Primeiro, eles deram a todos os participantes um teste de QI amplamente usado. Uma semana depois, eles dividiram as pessoas em dois grupos: um deles passou pela ETCC, recebendo uma corrente fraca de 2 mA por vinte minutos; o outro, não.

ETCC e eletrodos

Imagem via YaleNews

O resultado? A nota de todas as pessoas aumentou, só que o aumento maior esteve no grupo que não passou pela ETCC. Um comunicado à imprensa explica:

Quando Frohlich e colegas analisaram os resultados dos testes, eles viram que as notas para três dos quatro tipos principais de testes cognitivos foram muito semelhantes entre os dois grupos de participantes. Mas as notas de raciocínio perceptual foram muito mais baixas entre as pessoas que passaram pela ETCC.

O raciocínio perceptual testa a inteligência fluida, definida como a capacidade de pensar logicamente e aplicar uma resolução inovadora a novos problemas.

O estudo foi publicado no periódico Behavioural Brain Research. O experimento foi limitado, com apenas 41 participantes, mas serve de alerta: “nós não sabemos quais são os efeitos a longo prazo. Há muito mais coisas que precisamos entender até que a ETCC esteja pronta para uso doméstico sem supervisão médica”, diz Frohlich.
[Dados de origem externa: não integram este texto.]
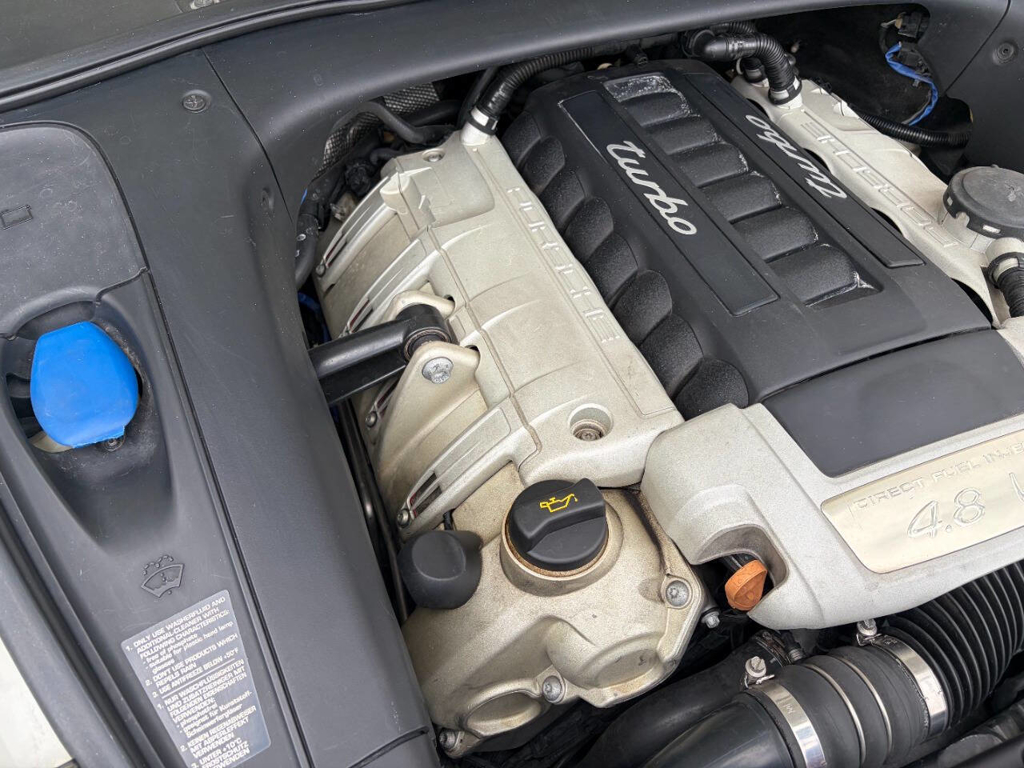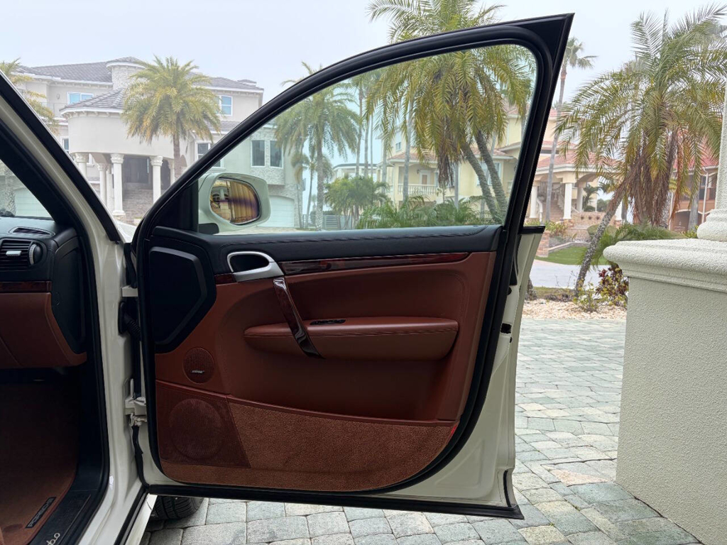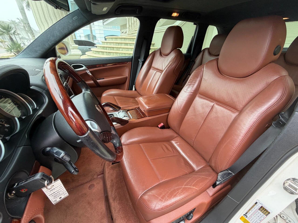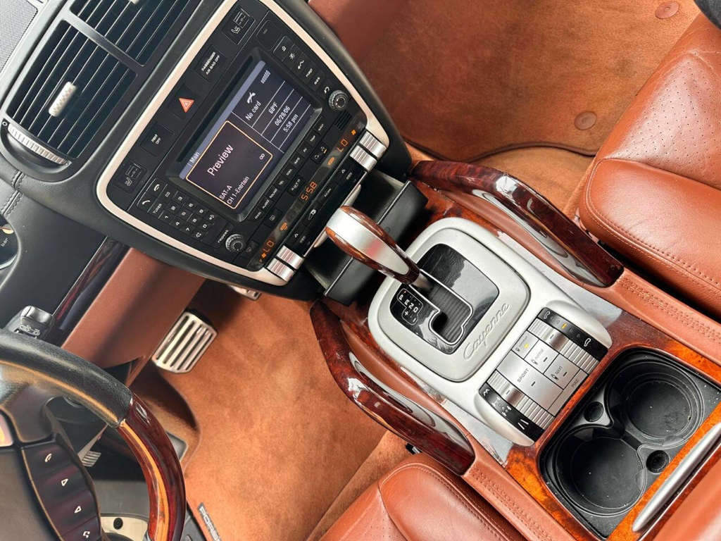 This particular Cayenne Turbo is made even more compelling by its presentation and mileage: it has covered only 77,225 miles since new, and it’s finished in a beautiful White exterior over a Brown leather interior with wood grain accents—a spec that suits the Cayenne Turbo’s dual personality of high performance and luxury. Inside, Porsche’s cockpit-forward layout brings that unmistakable brand feel with the 911-style gauge cluster, and this example is equipped with the comfort and convenience features enthusiasts actually want in a Turbo: front power adjustable seats with heating and driver memory settings, dual-zone climate control, and a power sunroof to bring light into the cabin. For audio, it’s fitted with an AM/FM radio paired with Bose sound—an ideal match for long highway runs or everyday use—while the power liftgate adds the kind of daily practicality that makes the Cayenne so easy to live with.

Por que essa preocupação? É que existem vários dispositivos à venda prometendo “fazer overclock no seu cérebro” através da ETCC. É o caso do foc.us, que custa US$ 300. Há também guias na internet para fazer um dispositivo semelhante, e comunidades no Reddit dedicadas ao assunto.

Dispositivo para ETCC

“Isso pode afetar regiões do cérebro que não são alvo do estímulo; e em alguns casos, a estimulação pode prejudicar as funções cognitivas, em vez de melhorá-las, se a polaridade for invertida”, diz a BBC. Isso também pode causar queimação e até piorar seu humor.

É preciso saber quais regiões estimular, com qual intensidade, e por quanto tempo. Em laboratórios, a ETCC é usada em ambientes controlados por no máximo 20 minutos por sessão, e só em participantes que passaram por avaliação médica.

O interesse pela ETCC explodiu em 2000, quando cientistas alemães descobriram que a técnica pode acender as células do cérebro como resposta ao estímulo elétrico.

United States Air Force

United States Air Force

Desde então, surgiram alguns estudos favoráveis para a ETCC. A Força Aérea americana passou a usar a técnica para estimular o cérebro de pilotos: ela reduz pela metade o tempo de treinamento em simuladores.

Em outro estudo, o estímulo ajudou alunos da Universidade Oxford a aprender matemática, com efeitos que duraram seis meses – no entanto, o estudo foi bastante limitado, contando com apenas 25 participantes.

Este ano, a eficácia da ETCC foi duramente questionada. Pesquisadores reuniram os resultados dos últimos 15 anos em estudos sobre a técnica. A conclusão: “parece não haver nenhum efeito confiável da ETCC no controle cognitivo, linguagem, memória, ou outras medidas variadas”.

Ainda assim, mais estudos são necessários: a ETCC parece aliviar dores que não respondem bem a analgésicos convencionais, por exemplo. E outros métodos para estimular o cérebro podem reduzir sintomas da depressão, como o próprio Frohlich descobriu.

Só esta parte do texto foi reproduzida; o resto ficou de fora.